SUPPLIED MATERIAL:
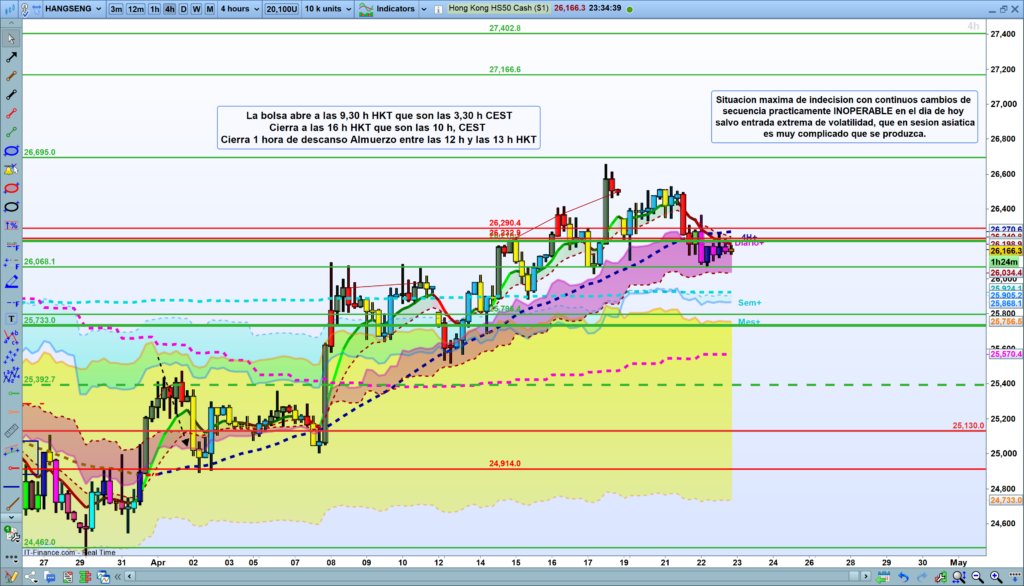 • El Veredicto (Prohibido Operar): Al igual que vimos en el DAX con su «rectángulo inoperable», el Hang Seng recibe exactamente la misma sentencia. La directriz operativa principal para esta sesión es tajante y preventiva: el mercado está «practicamente INOPERABLE en el dia de hoy». Intentar adivinar la dirección en este entorno de ruido es exponer el capital innecesariamente.
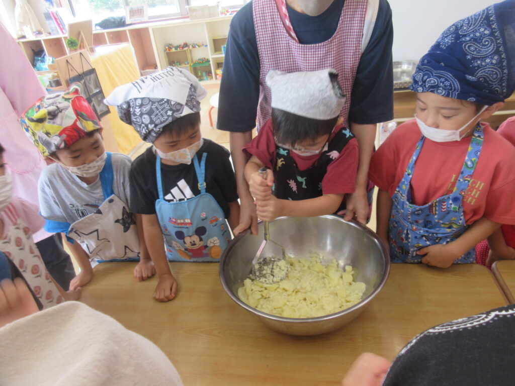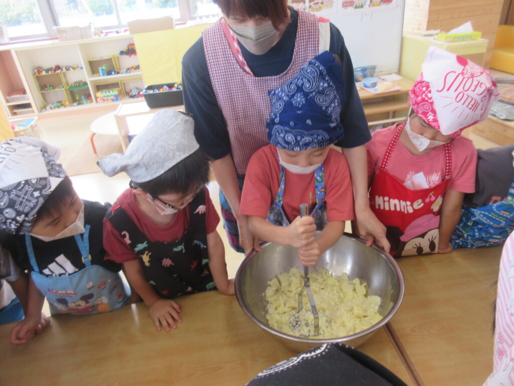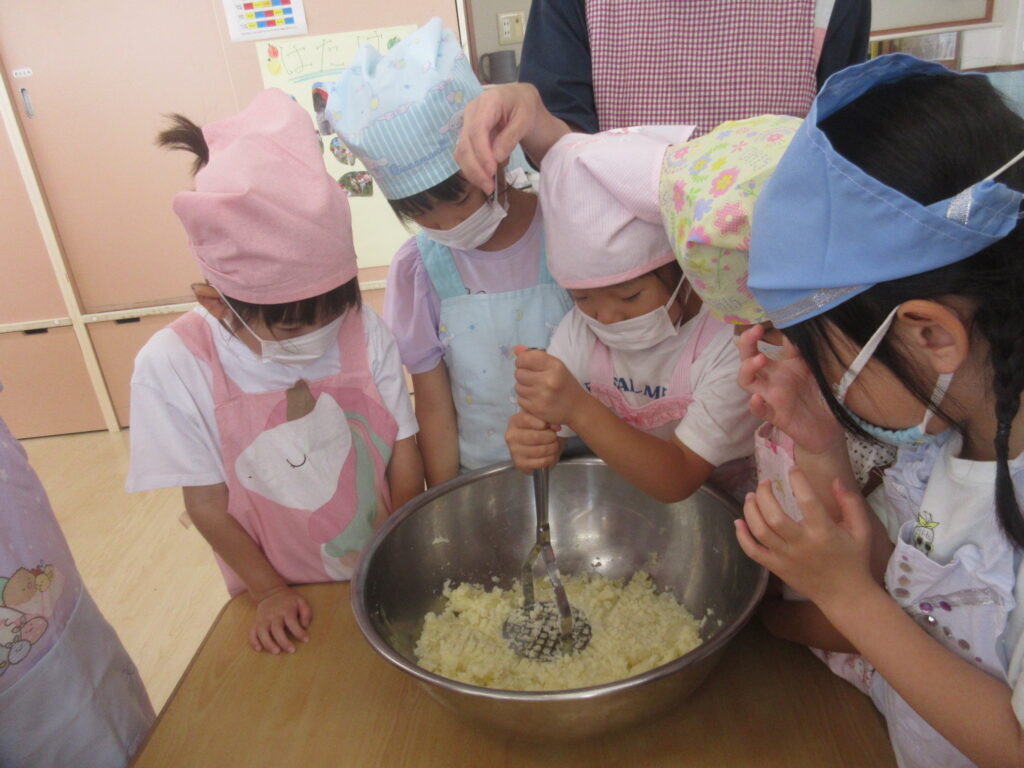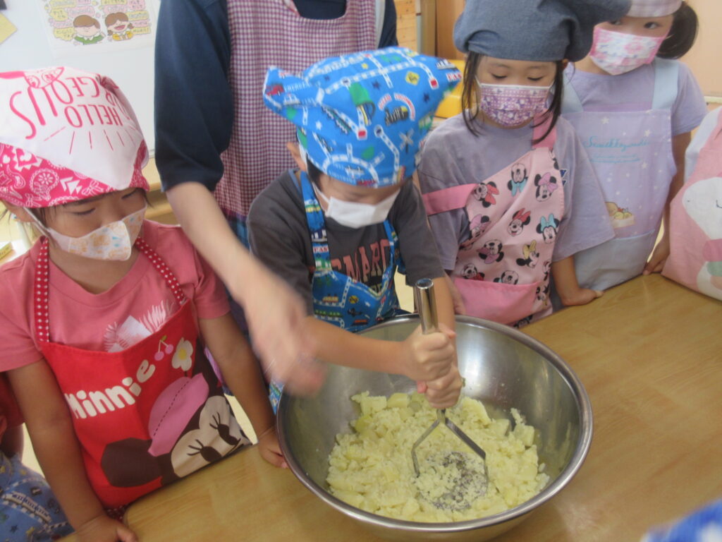 マッシャーを使用して力を合わせてじゃがいもを潰します💪1人10回を2週行いましたが、子どもたちはぜ~んぜんへっちゃらで大きな声で数を数えていました😉
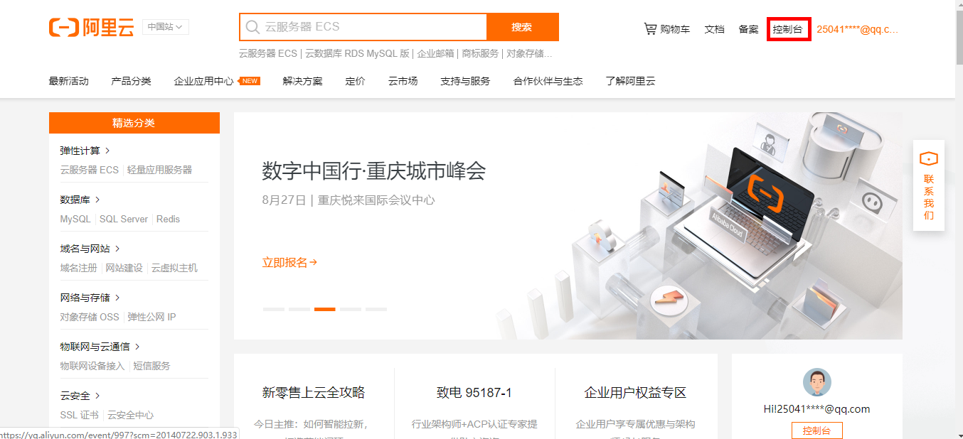 阿里云官网:https://www.aliyun.com/
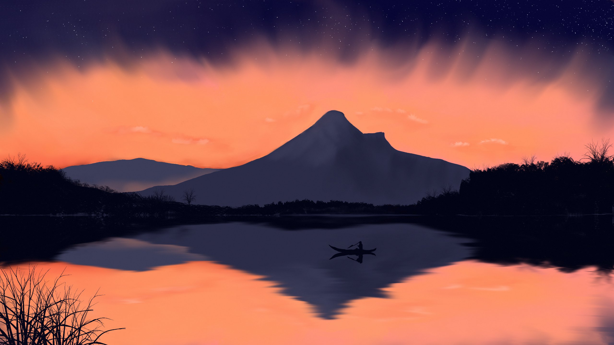 Description: A painting of a mountain with a lake in front of it and a boat in the water at sunset.

WHAT IS EXPECTED: Nothing but an exact transcription of the material, without pictures, should be returned.

EXERCISE OUTPUT:
 • El Veredicto (Prohibido Operar): Al igual que vimos en el DAX con su «rectángulo inoperable», el Hang Seng recibe exactamente la misma sentencia. La directriz operativa principal para esta sesión es tajante y preventiva: el mercado está «practicamente INOPERABLE en el dia de hoy». Intentar adivinar la dirección en este entorno de ruido es exponer el capital innecesariamente.
 マッシャーを使用して力を合わせてじゃがいもを潰します💪1人10回を2週行いましたが、子どもたちはぜ~んぜんへっちゃらで大きな声で数を数えていました😉
 阿里云官网:https://www.aliyun.com/
 Description: A painting of a mountain with a lake in front of it and a boat in the water at sunset.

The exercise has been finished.